TASK ITEM - Exactly as written, set down each line of the data below except its pictures.

··· THE DATA

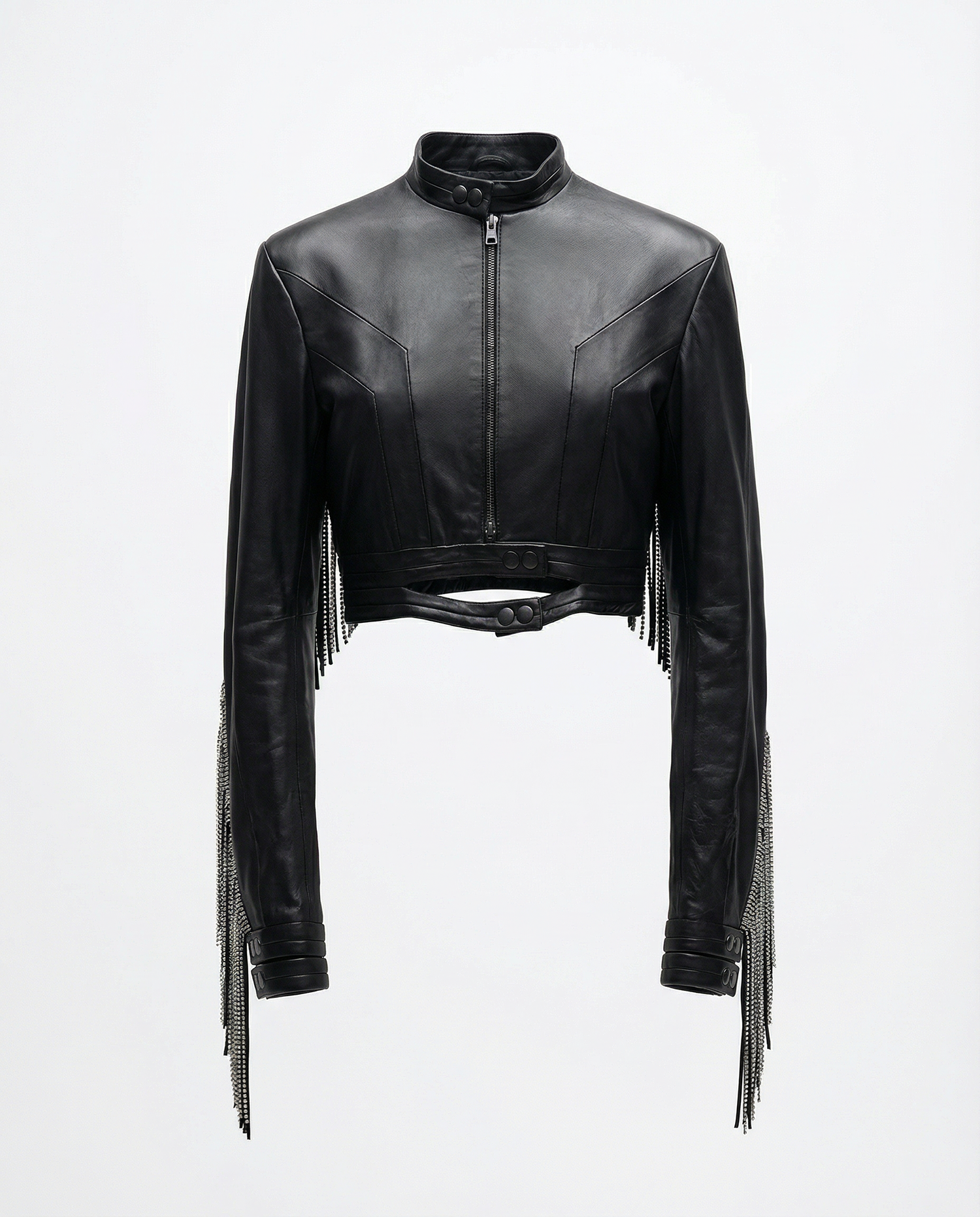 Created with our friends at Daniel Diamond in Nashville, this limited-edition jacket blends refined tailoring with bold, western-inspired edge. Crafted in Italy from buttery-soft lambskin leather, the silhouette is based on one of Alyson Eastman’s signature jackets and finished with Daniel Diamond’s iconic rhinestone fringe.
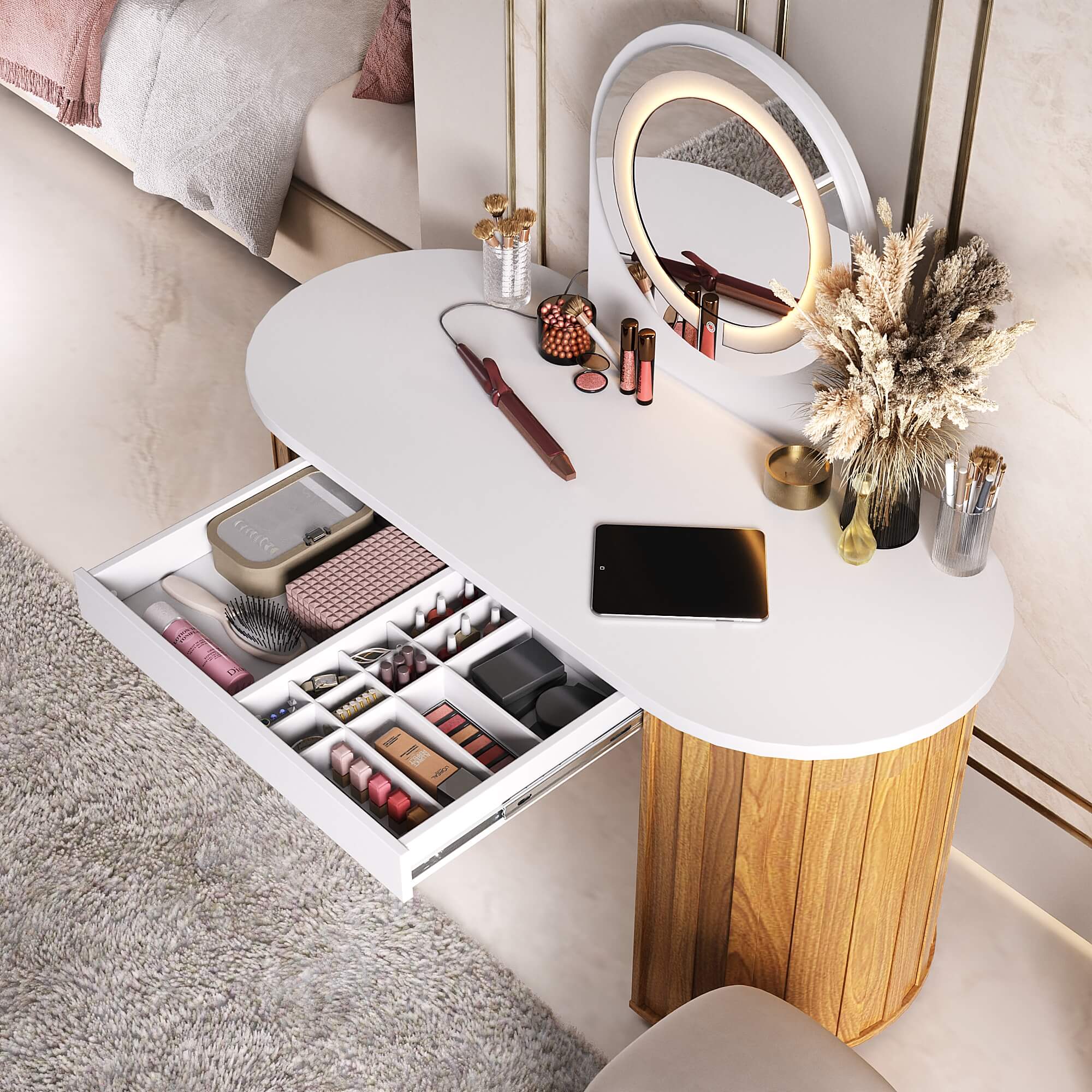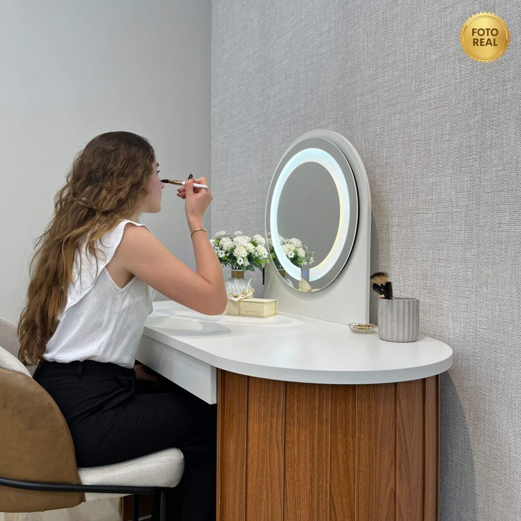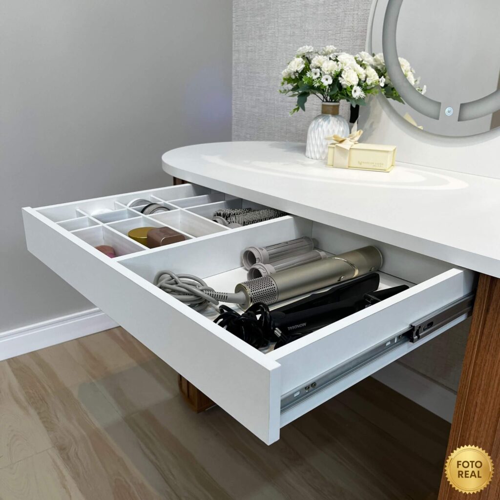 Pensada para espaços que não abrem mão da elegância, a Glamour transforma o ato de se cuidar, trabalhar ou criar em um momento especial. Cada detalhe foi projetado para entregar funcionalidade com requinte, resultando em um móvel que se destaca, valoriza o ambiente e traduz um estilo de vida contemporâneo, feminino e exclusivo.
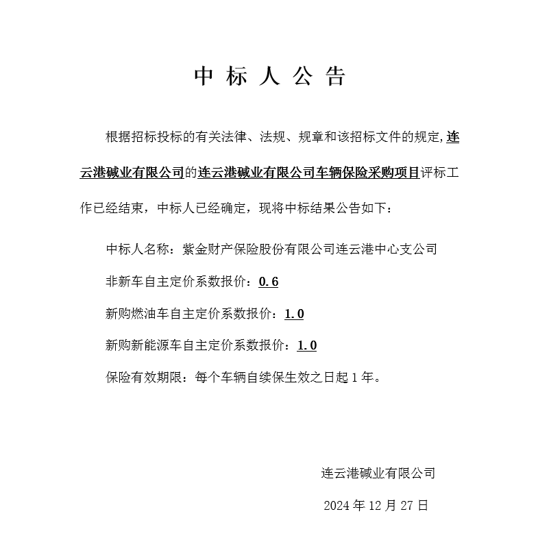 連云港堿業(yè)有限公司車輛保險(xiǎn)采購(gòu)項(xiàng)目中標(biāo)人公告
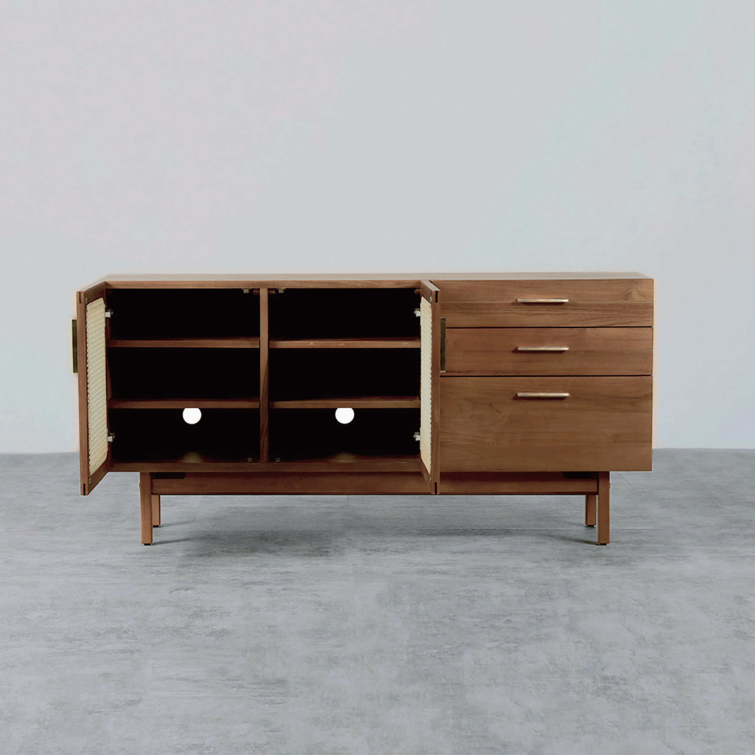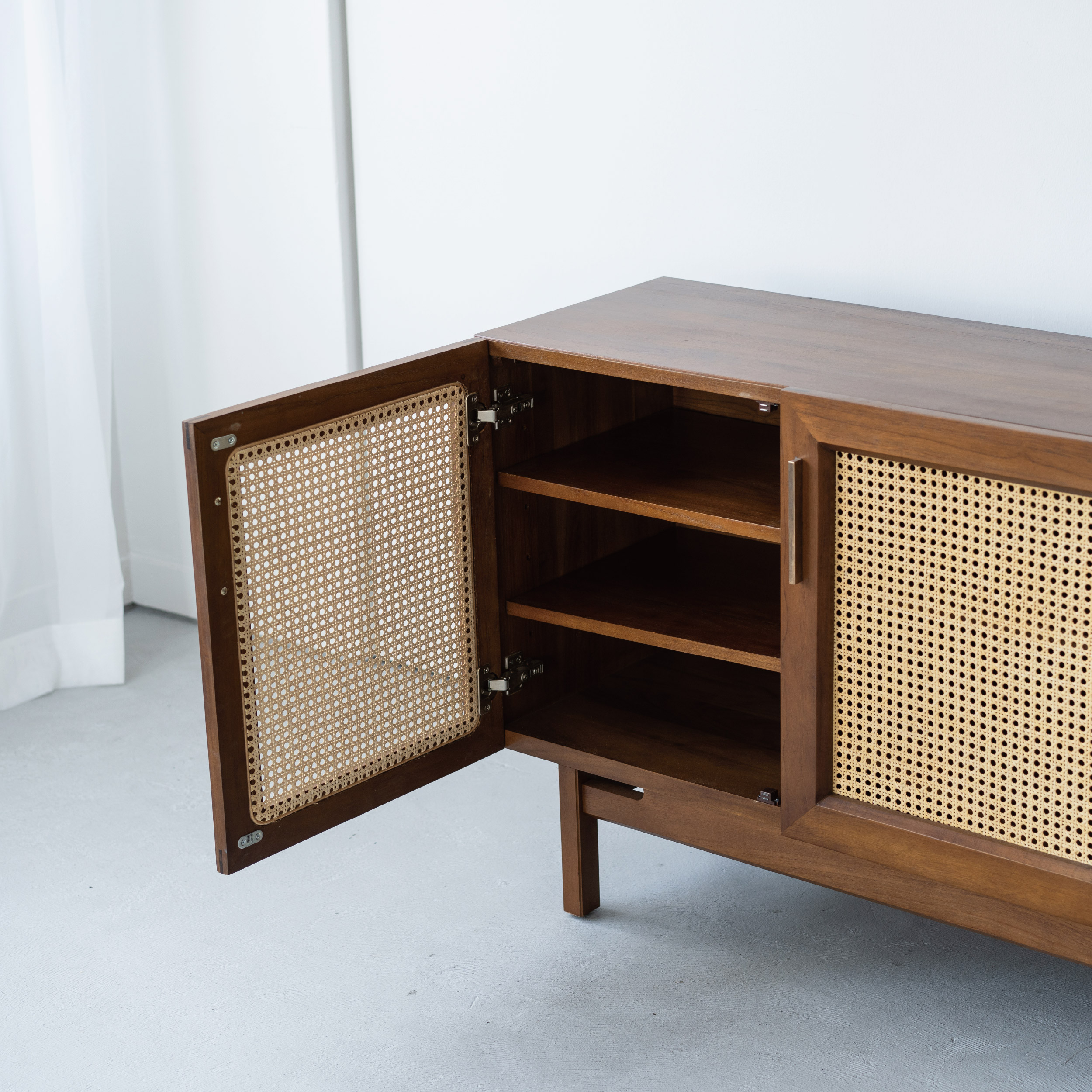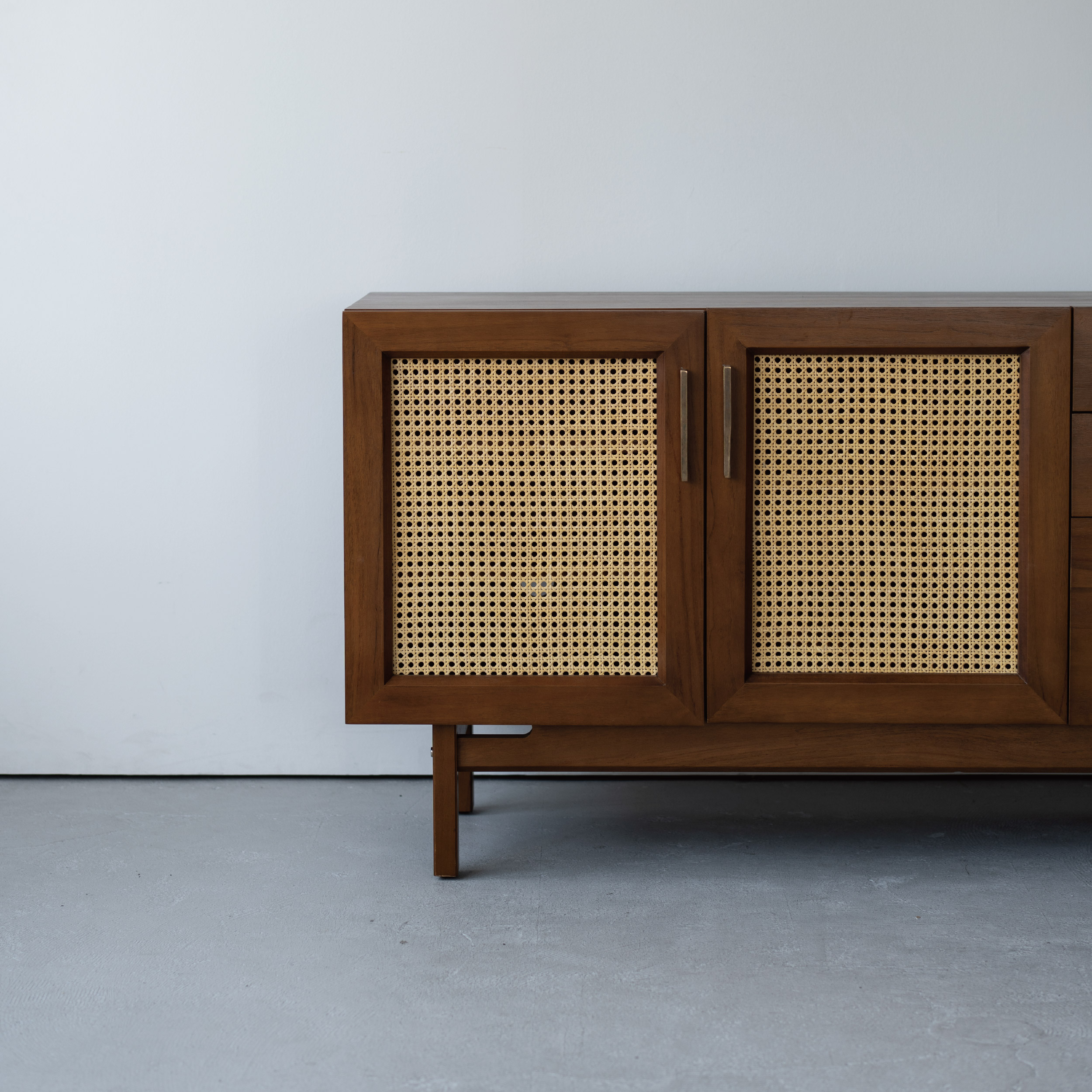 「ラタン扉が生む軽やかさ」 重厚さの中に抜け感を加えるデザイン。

······

OUTPUT BELOW -
 Created with our friends at Daniel Diamond in Nashville, this limited-edition jacket blends refined tailoring with bold, western-inspired edge. Crafted in Italy from buttery-soft lambskin leather, the silhouette is based on one of Alyson Eastman’s signature jackets and finished with Daniel Diamond’s iconic rhinestone fringe.
 Pensada para espaços que não abrem mão da elegância, a Glamour transforma o ato de se cuidar, trabalhar ou criar em um momento especial. Cada detalhe foi projetado para entregar funcionalidade com requinte, resultando em um móvel que se destaca, valoriza o ambiente e traduz um estilo de vida contemporâneo, feminino e exclusivo.
 連云港堿業(yè)有限公司車輛保險(xiǎn)采購(gòu)項(xiàng)目中標(biāo)人公告
 「ラタン扉が生む軽やかさ」 重厚さの中に抜け感を加えるデザイン。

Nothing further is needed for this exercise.